Performance & Benchmarks
The repo’s docs/tech_report.md provides an in‑depth analysis, but key takeaways are:
- Latency – First chunk ~200 ms on an Apple M4; ~350 ms on Intel i7‑12700K.
- Speed – Generates 6× real‑time on the same CPUs.
- CPU Usage – Uses only 2 cores; memory stays under 2 GB.
- Model size – 100 M parameters – 30 MB disk, ~120 MB VRAM when loaded.
The audio streaming nature means you can start playback before synthesis completes, which is critical for interactive applications.
Extending & Contributing
Pocket‑TTS is open source under the MIT license. Contributions are welcome in several areas:
- New voices – Fork the model, adjust the
voice_catalog.md, and push a PR. - Multi‑language support – Port the current English checkpoint.
- Quantization – Add int8 or float16 variants for even smaller runtime.
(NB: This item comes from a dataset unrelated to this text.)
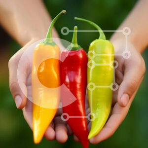 Intra Συλλεκτικό Ξύλινο Παζλ Plywood 4mm - Χέρια που κρατούν πολύχρωμες πιπεριές τσίλι σε έναν κήπο Σε Ξύλινο Κουτί - Διαστάσεις: 10x10 cm – 25 κομμάτια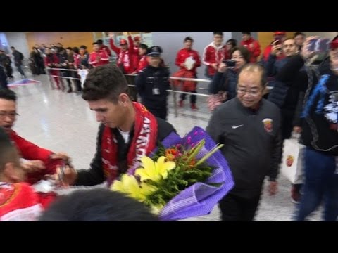 El futbolista brasileño Oscar llegó a China para jugar con el Shanghai SIPG, luego de que el club pagara al Chelsea inglés por el mediocampista de 25 años unos 63 millones de dólares, el mayor traspaso en el futbol asiático.

- WebAssembly – Integrate the Rust Candle version to run in browsers.
Development guidelines:
- Run tests: pytest.
- Build docs: mkdocs build.
- CI uses uv to install dependencies.
For detailed instructions read CONTRIBUTING.md.
License & Usage Notes
Pocket‑TTS is released under the MIT license. Voice assets are subject to individual licenses (see voice_catalog.md).
Disclaimer – The repository explicitly prohibits misuse such as impersonation, disinformation, or abusive content. Always ensure lawful and ethical use.
TL;DR
Pocket‑TTS is a lightweight, CPU‑friendly TTS library that runs on any modern processor. Install, generate audio, or serve via HTTP in minutes. For developers looking for fast, open‑source TTS without GPU dependencies, Pocket‑TTS is an excellent choice.